Newton également avait senti qu'on ne peut pas faire dépendre le temps du mouvement des planètes, et il en a donc fait une donnée a priori non pas de l'entendement seulement, mais de la nature elle-même. Autrement dit, Newton a supposé l'existence d'un temps universel, absolu et uniforme, qui soit totalement indépendant de tout événement physique, et antérieur logiquement à ceux-ci. Il écrit lui-même au début des ses Principia: "le temps absolu, vrai et mathématique, de lui-même et de sa propre nature coule régulièrement sans aucune relation avec quoi que ce soit d'extérieur."

En fait, cette proposition, loin de résoudre tous les problèmes en retirant le temps du domaine de la contingence, conduit à beaucoup de difficultés. Cela montre qu'il n'est pas davantage possible d'absolutiser totalement le temps que de n'en faire qu'une particularité ou une conséquence de l'espace.

On pourrait tout d'abord se demander ce que peut signifier pour le temps que de "couler" ou de "passer", s'il n'y a aucune succession d'événements à laquelle on puisse se référer. Mais admettons qu'il ne puisse s'agir là que d'une question de perception du temps de notre part, et non de nature. Le caractère d'uniformité du passage du temps est en revanche bien plus problématique. Comment peut-on parler d'uniformité sans référence temporelle préalable? Newton énonce les propriétés du temps comme s'il y avait un autre temps, plus absolu encore, qui permette de contrôler l'allure du passage du temps que l'on étudie!

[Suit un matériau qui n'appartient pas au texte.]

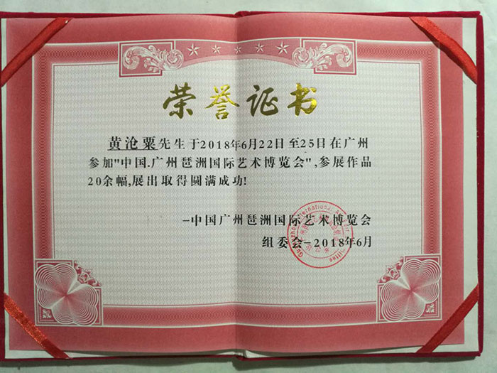 2018年6月22-25日“中国·广州琶洲国际艺术博览会”荣誉证书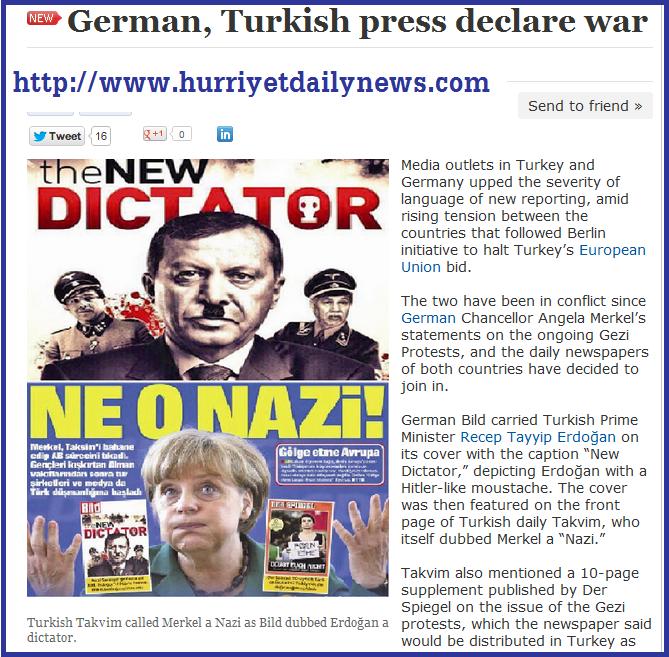Berlin initiative to halt Turkey’s European Union bid. The two have been in conflict since German Chancellor Angela Merkel’s statements on the ongoing Gezi Protests, and the daily newspapers of both countries have decided to join in.
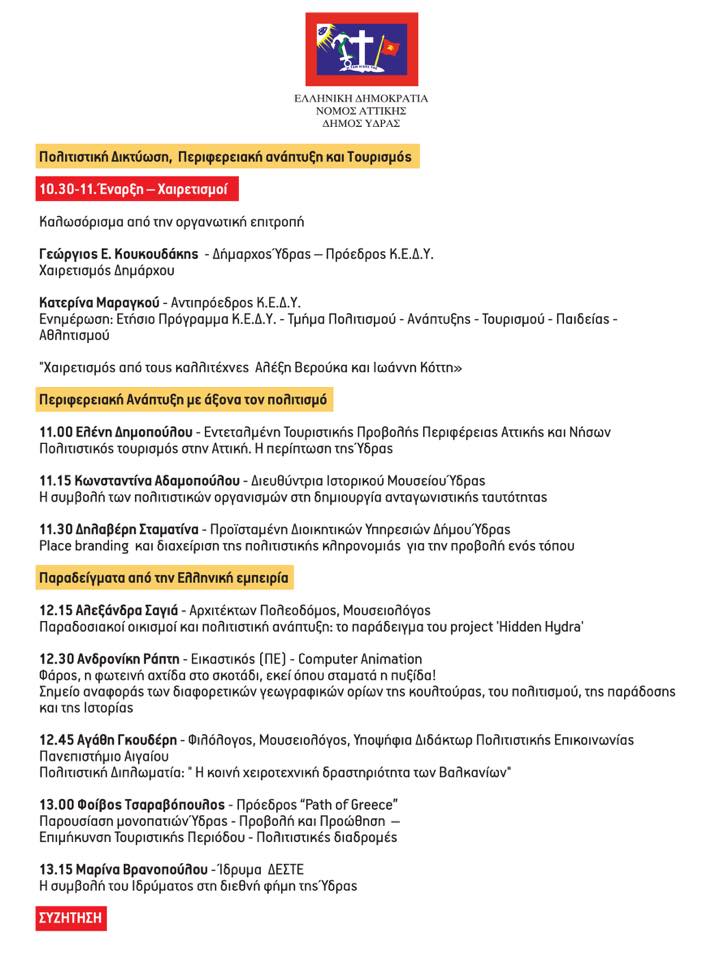 Η Διαχείριση και η Ανάδειξη της υλικής και άυλης πολιτιστικής κληρονομιάς ενός τόπου Ύδρα 2018 (14/06/2018) |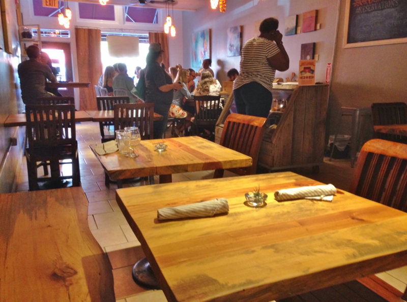 Small, maybe seats 24 tops, open kitchen, farm to table-esque with a southern, African-American flair. We loved it. The top-mentioned server was Jess and we were delighted to be at one of her tables- what a fun person!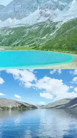 格聂之眼 (Eye of 格聂): In summer, the lake is full, surrounded by snow-capped mountains, with a ring of crimson water plants along the shore, resembling the eye of the earth.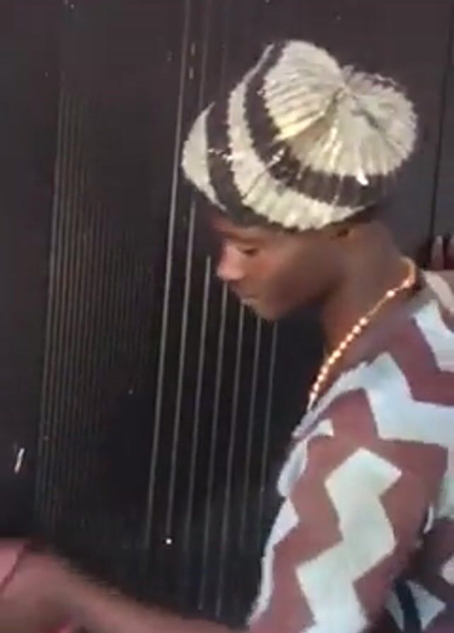 A man wearing a light-colored zig-zag patterned shirt and a striped hat is cleaning a black door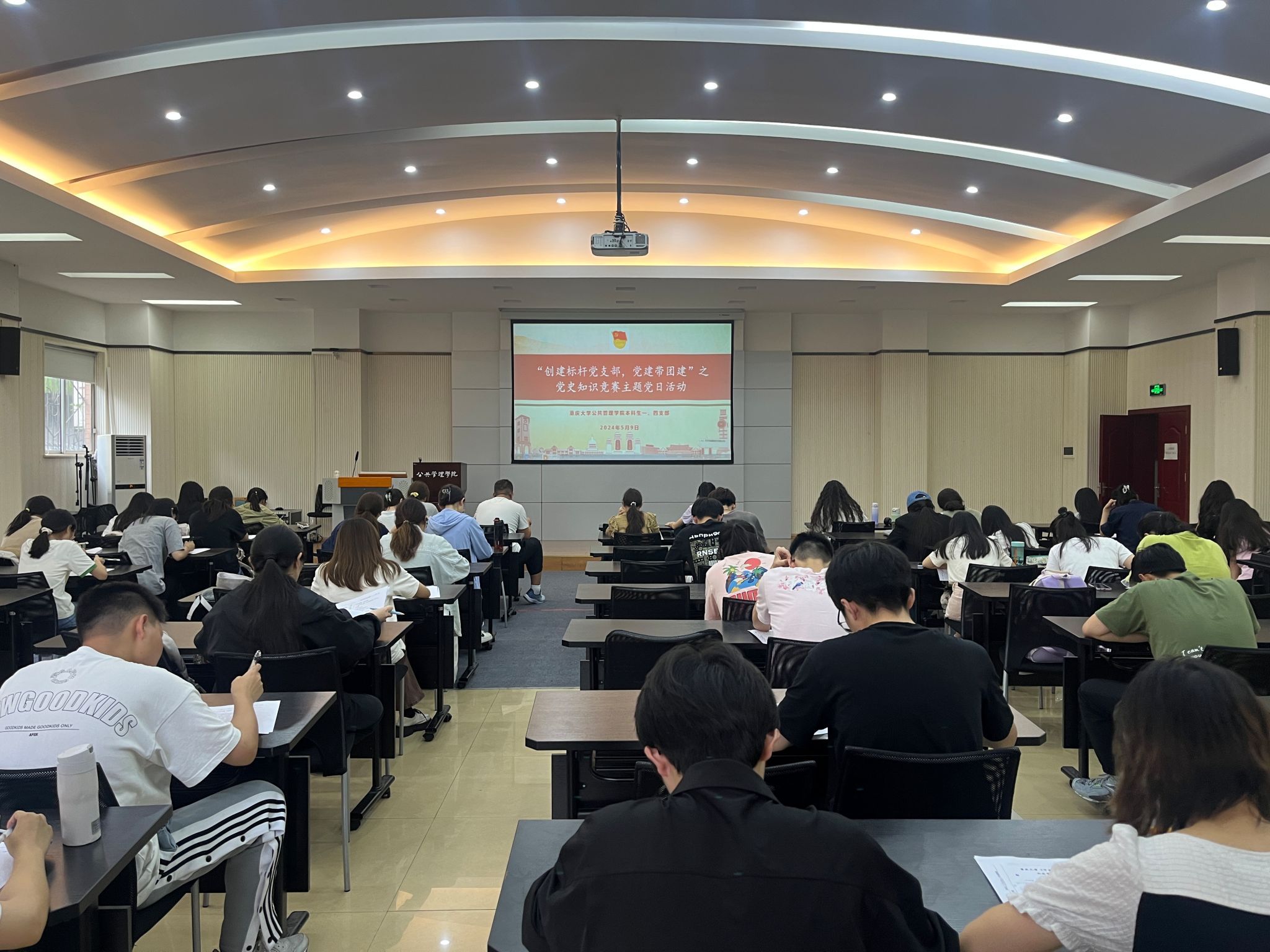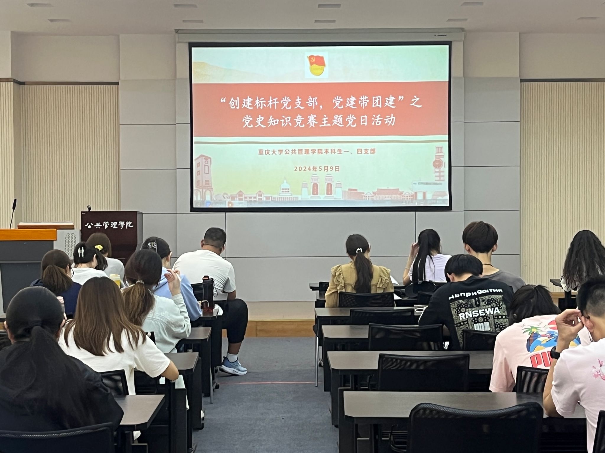竞赛有始终,学习无止境。2024年5月9日18:00,“党史知识竞赛”主题党日活动在学院楼102多功能厅圆满落幕。此次党日活动,主题鲜明,形式丰富,这不仅是一场党史知识竞赛,更是一堂生动有趣的党课。本科生一、四支部将以此次活动为契机,持续加强党建带团建、创建标杆支部的政治理论学习,不断提高党员以及入党积极分子的政治素养和业务能力。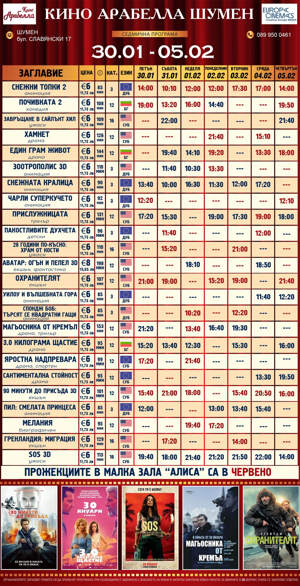 🎥 Кино програма „Кино Арабелла Шумен" - 30.01 – 05.02.2026 г.
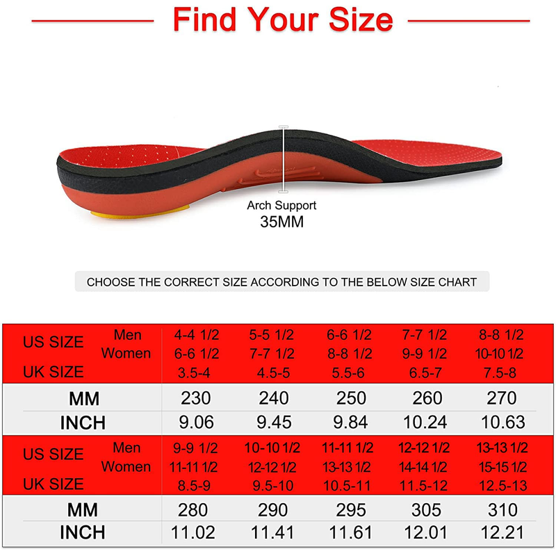 3.5 CM outer semi-rigid arch support,firm but flexible,deep heel cradle for increased stability. This insert works for neutral, low and high arches.
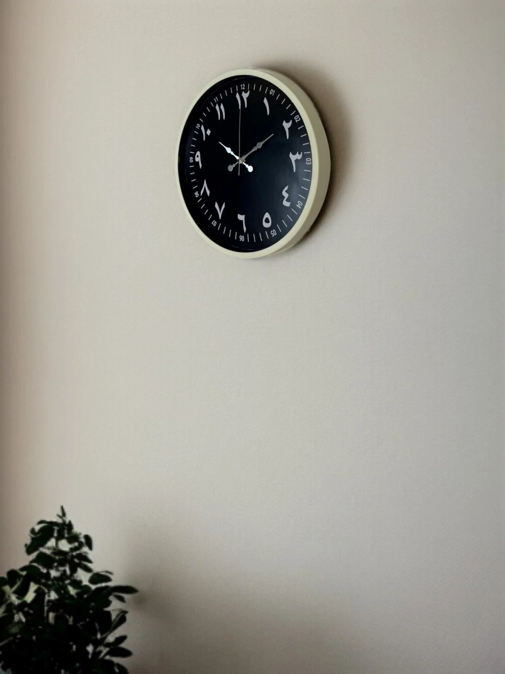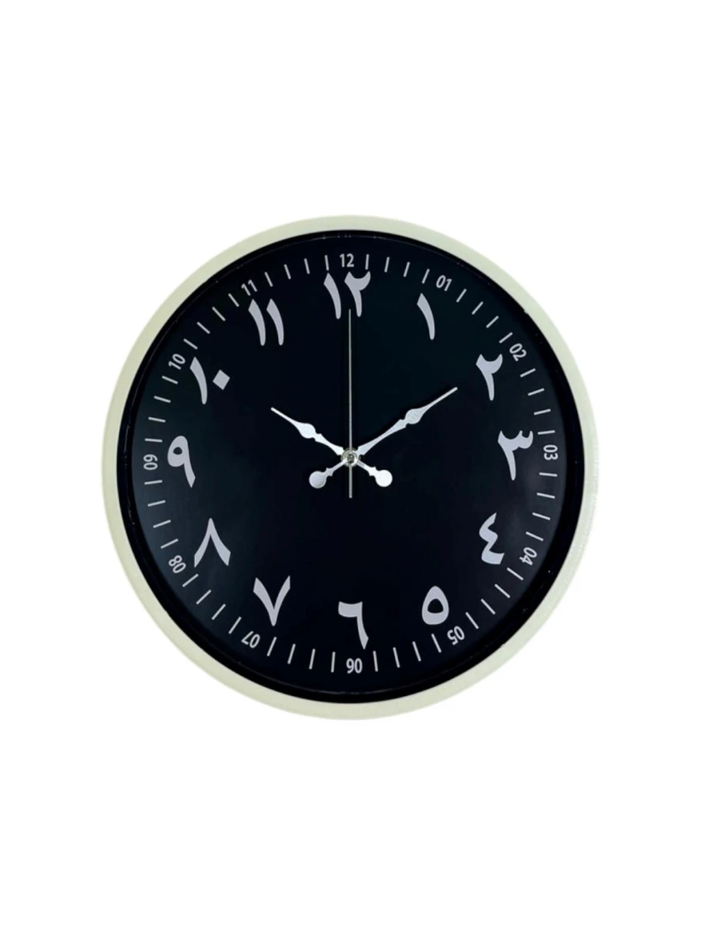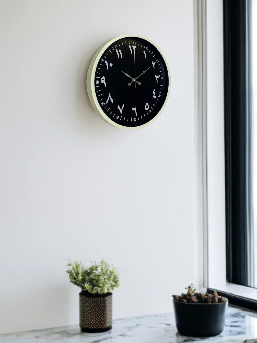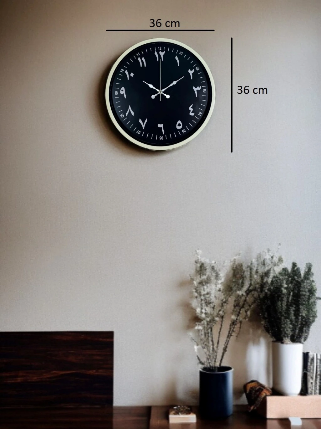 Arapça rakamlı kadranı ve siyah zemin üzerindeki gümüş tonlu detaylarıyla öne çıkan bu 36 cm krem duvar saati, klasik estetiği modern çizgilerle buluşturur. Farklı ve anlamlı tasarımı sayesinde standart duvar saatlerinden ayrılır; bulunduğu ortama karakter ve zarafet katar.

Ce qui pose problème dans la proposition de Newton, ce n'est pas en fait l'existence d'un temps absolu qui serait indépendant de toute chose, et antérieur logiquement à elles, c'est sa volonté d'en faire un temps "mathématique", et son usage de l'adverbe "régulièrement" qui en découle.

Autrement dit, la difficulté apparaît dès que l'on veut attribuer un nombre au temps, c'est à dire, le mesurer.